Google plans to increase the inbox storage of its Gmail web mail service from 1GB to 2GB, and it will continue to raise that ceiling in coming weeks and months, on a rolling basis, to unspecified heights.
"Since we introduced Gmail, people have had a lot of place to store email, but some of our heavier users have been approaching their limits and have been wondering what's going to happen," says a Gmail spokesperson. "So, starting on Friday, we're going to give people more and more space continuously and indefinitely on Gmail, as we're able to technologically."
There are no current plans to increase Gmail's 10MB limit on attachment sizes and there are also no plans to add capabilities to Gmail that would allow subscribers to turn the inbox storage into a full-featured virtual external hard drive.
However, Google is aware that some Gmail subscribers are using the service for this purpose, mailing files to themselves to have them stored in their Gmail inbox, says the spokesperson.
The percentage of Gmail users approaching their inbox storage limit isn't large, but "they are a number that we care about," he continued. "We want our users to understand that we have a plan and that we're anticipating their needs, and that there isn't something strange that's going to happen with Gmail down the line."
When it announced Gmail a year ago, Google rocked the web mail market, whose main players generally offered minimal inbox storage for their free services. For example, at the time, Yahoo offered its free web mail users 4MB and Microsoft offered MSN Hotmail users 2MB of inbox storage.
Since then, most major web mail providers have reacted to Gmail's inbox offer and have increased their storage significantly.
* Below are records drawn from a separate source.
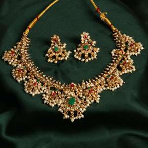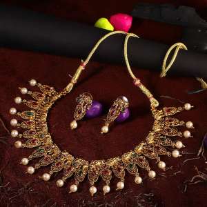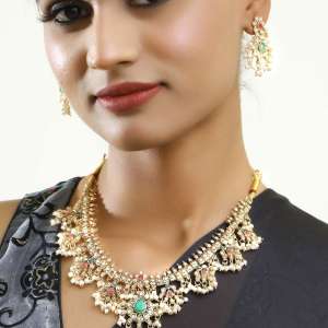 Women 24CT Gold-Plated Multicolor Red Green Stone-Studded Elephant Temple White Pearl-Tessels Necklace with Earring Jewellery Set. This jewellery set consist Stone Gold-plated and stranded with Drawstring closure.,
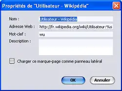 Propriété d'un marque-page du logiciel Mozilla Firefox.
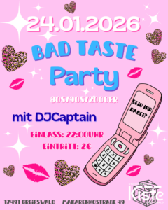 Zeit für Throwback-Vibes! 💖 Bei der Bad Taste Party am 24.01.2026 feiert ihr die größten Hits der 80er, 90er und 2000er mit DJ Captain in der Kiste. Einlass ist ab 22 Uhr, der Eintritt kostet 2 € – je schräger das Outfit, desto besser! 🕺✨
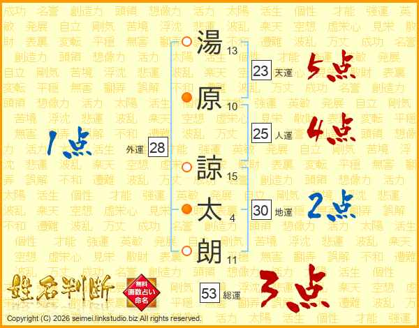 湯(13画)原(10画) 諒(15画)太(4画)朗(11画)
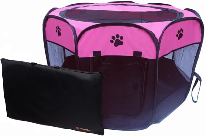 Portable Pet Playpen for Small Cat Dog Puppy Rabbit,Cat Kitten Playpen Indoor Outdoor with Carrying Case,Waterproof Bottom and Removable Zipper Top (S(28.7" x 28.7" x 16"), Rose)
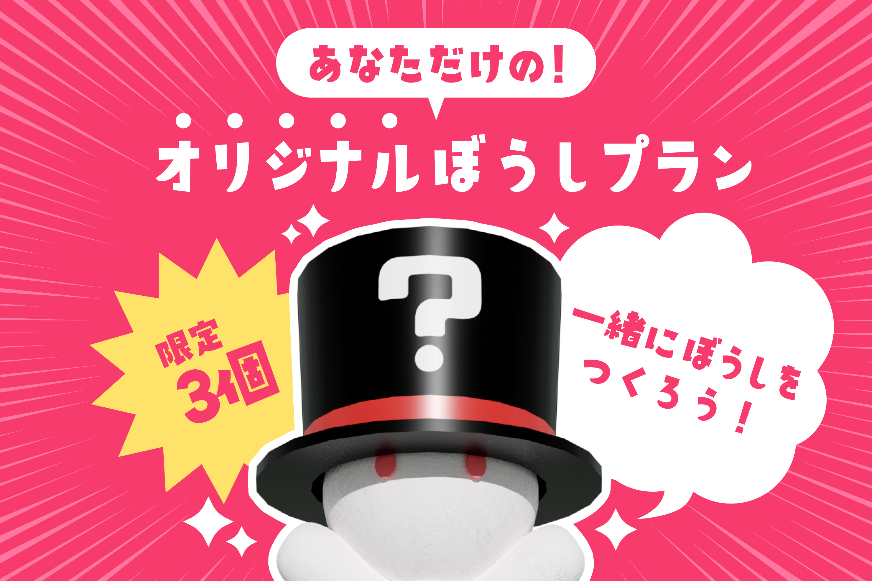 おかげさまで「あなただけの!オリジナルぼうしプラン」が完売しました、ありがとうございます!
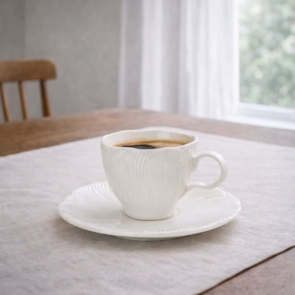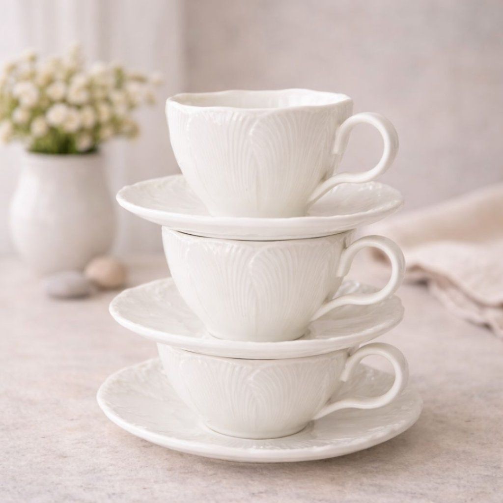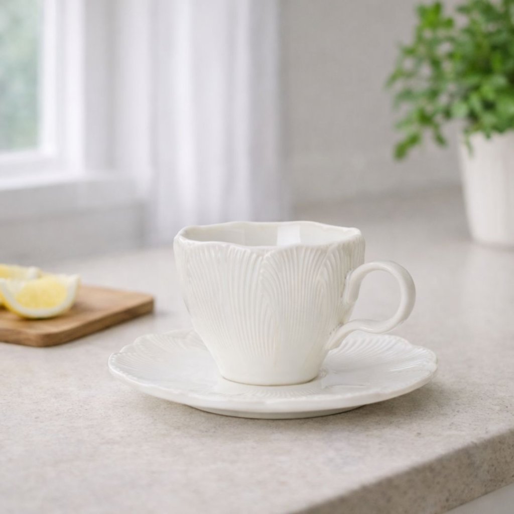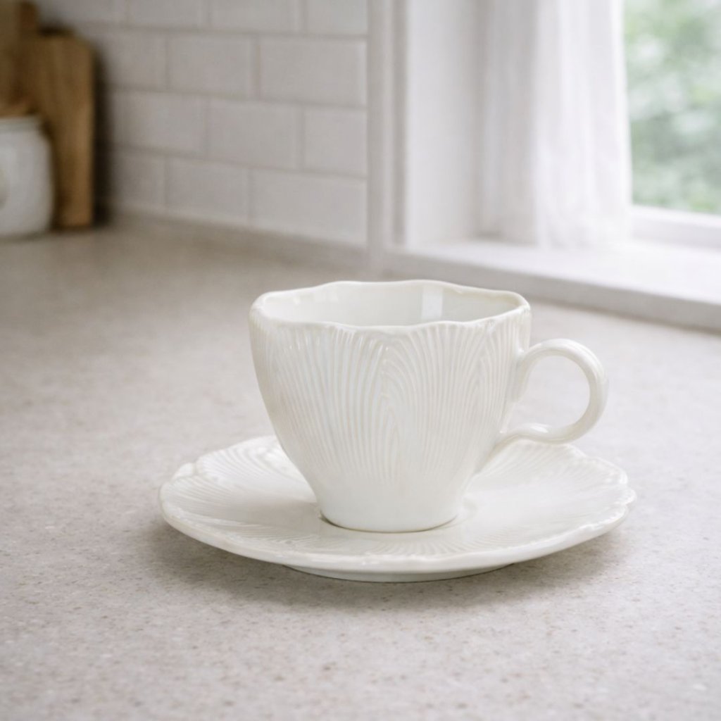 - Jemný šálek inspirovaný přírodou. Reliéfní vzor, zvlněný okraj a čistá bílá vytvářejí klidný, nadčasový celek.
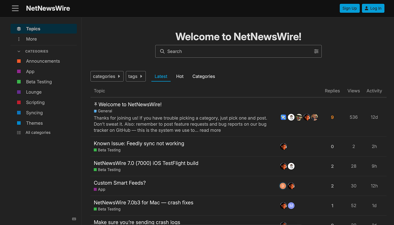 NetNewsWire is a free, open source RSS reader for Mac and iOS. Their new Discourse forum stays focused, with categories for Beta Testing, Syncing, Scripting, and a Lounge for talking about RSS and the open web.
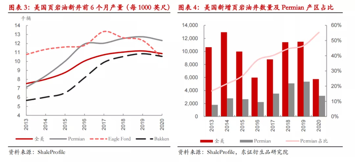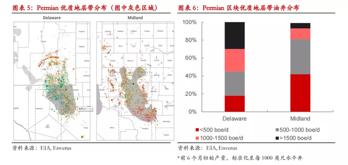 回顾过去几年美国页岩油产出效率的变化,可以看到2016年是一个转折性的年份,在此之前,产出效率快速提升,一方面归因于技术进步,另一方面是由于上游钻探生产活动逐渐向美国油气资源储量最大的Permian产区集中,Permian每年新增油井数量占全美总量的比重逐年上升,地层结构是影响页岩油生产效率的一个重要指标,在一定程度上奠定了这个阶段产出效率高速增长的基础。
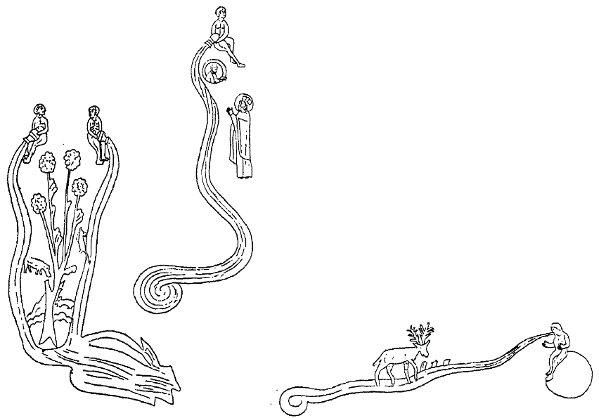 В прилагаемых здесь 33-м рисунке (под литтерами а и в) сняты Годуновские миниатюры (к Псалм. 41 и 136), которые очевидно одной редакции с приложенными выше из Углицкой рукописи, может быть, даже с них списаны, но во всех мелочах, и особенно большим изяществом формы от них отличаются. Точно также сходны с Углицкими и все прочие миниатюры и столько же от них отличны. Как, например, выше и художественнее Углицких миниатюр это изображение реки в виде античных юношей? (в том же снимке, под лит. б).
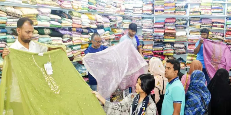 সরেজমিনে যশোর শহরের বিভিন্ন বাজার ঘুরে দেখা গেছে, এবার পাকিস্তানি থ্রি পিসের দখলে বাজার। মেয়েদের পছন্দ ও বিক্রির শীর্ষে রয়েছে পাকিস্তানি তাওয়াক্কল থ্রি-পিস। পাশাপাশি দেশি সুতি কাপড়গুলোও বিক্রি বেশ ভালো। বিক্রির দিক দিয়ে পাকিস্তানি তাওয়াক্কল, নুর, বিন সাইদ ভালোই বাজার ধরেছে। পাশাপাশি গাউন ও গরমকালে সুতি কাপড়ে আরাম বেশি বলে দেশীয় সুতি থ্রিপিস পছন্দ করছে ক্রেতারা।
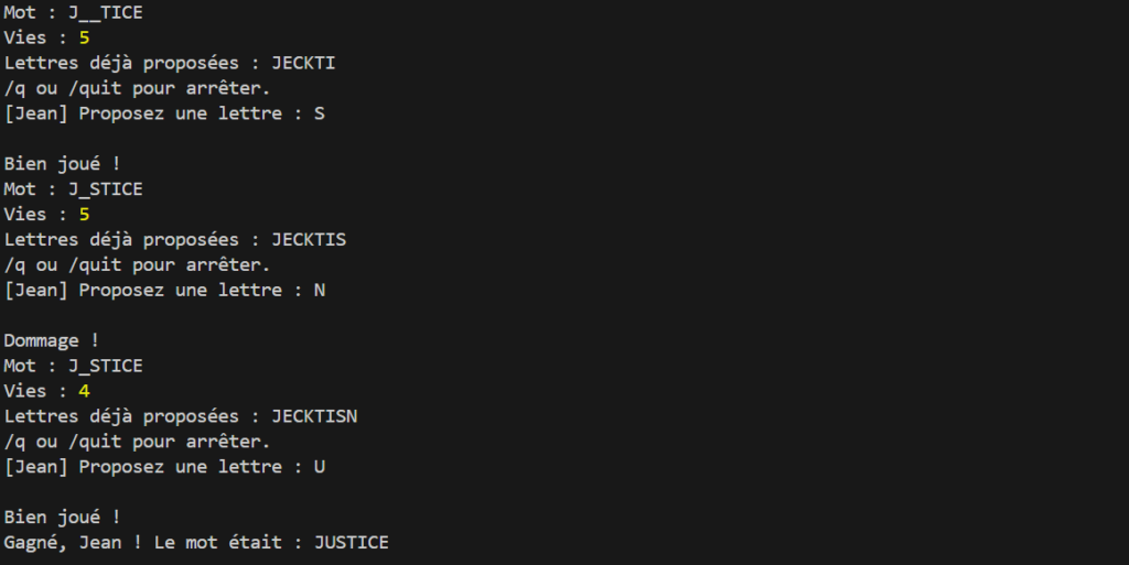 – Commande /quit (ou /q) pour interrompre la partie en cours (dès que le joueur 2 commence à deviner)
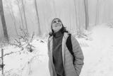 Happy caucasian woman in yellow jacket enjoying walking and snowfall in winter forest, exposing her face to snowflakes
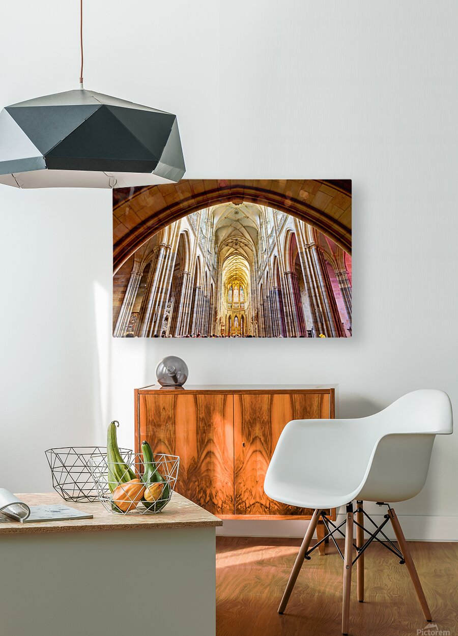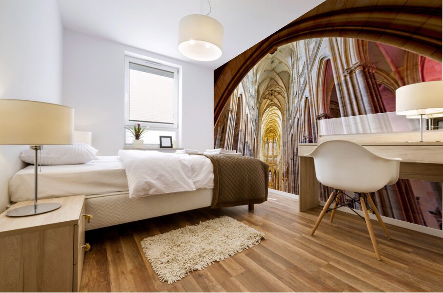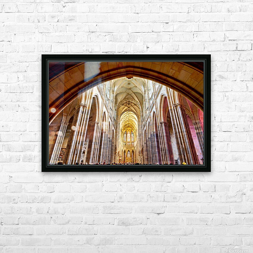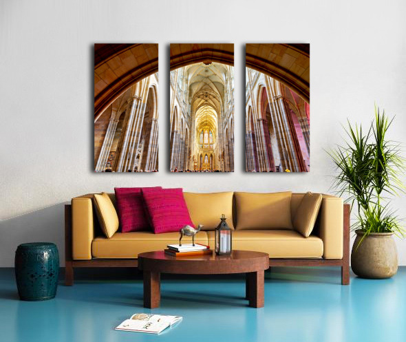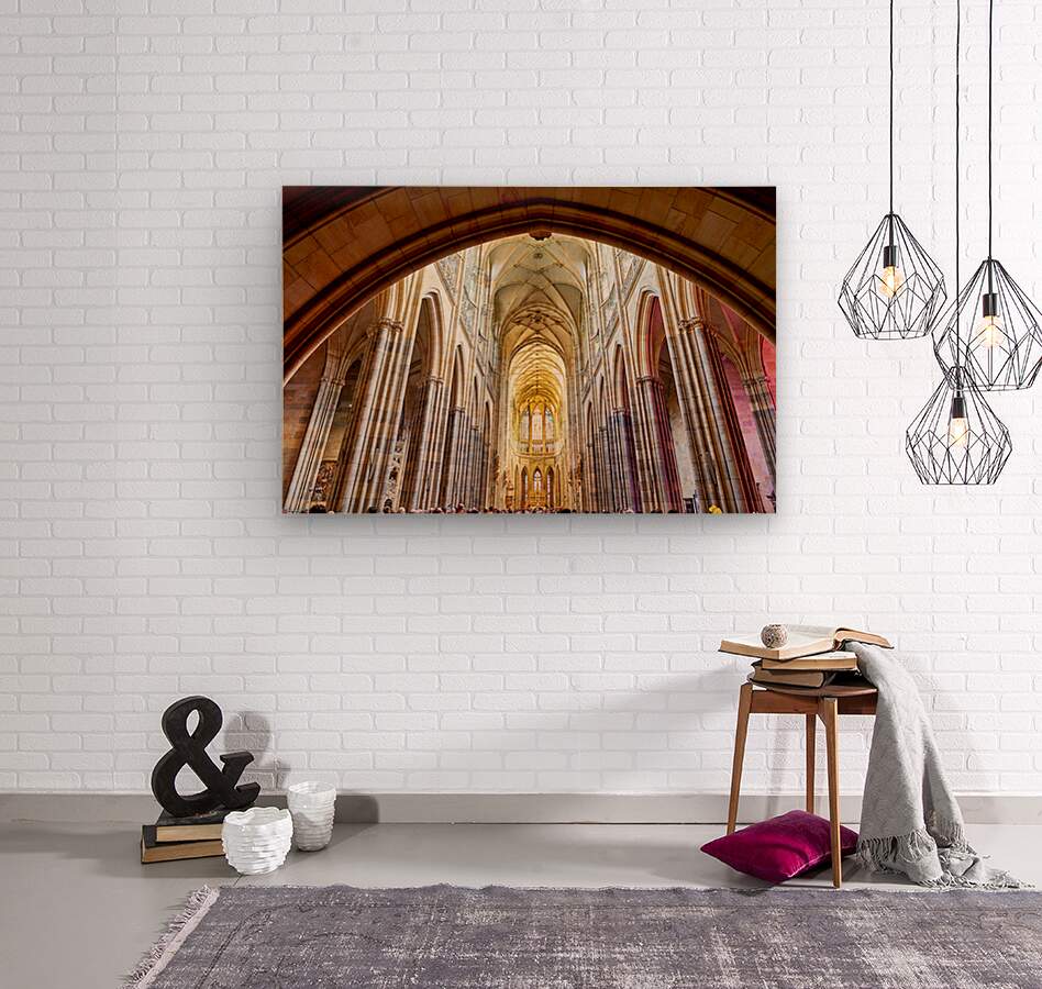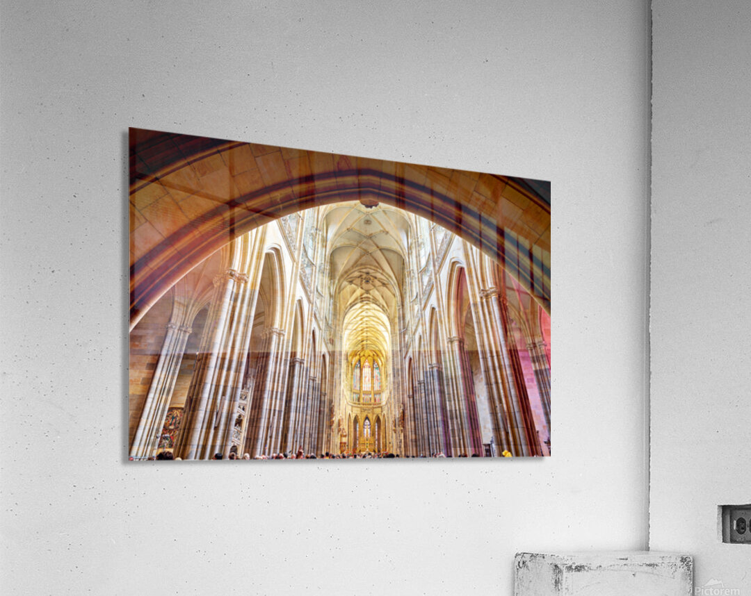 Crowds explore the majestic interior of St. Vitus Cathedral in Prague Czech Republic marveling at its intricate Gothic design and soaring arches.

Microsoft and Yahoo now both offer 250MB for their free services, and Yahoo plans to begin offering 1GB starting in late April. Both Yahoo and Microsoft offer 2GB inboxes with their fee-based web mail services.
A caveat with Gmail is that it is still technically in a beta, or test, phase. To obtain a Gmail account, one has to receive an invitation from an existing user; each current user has 50 invitations to give. Google also randomly offers Gmail accounts via its main Google.com Web page.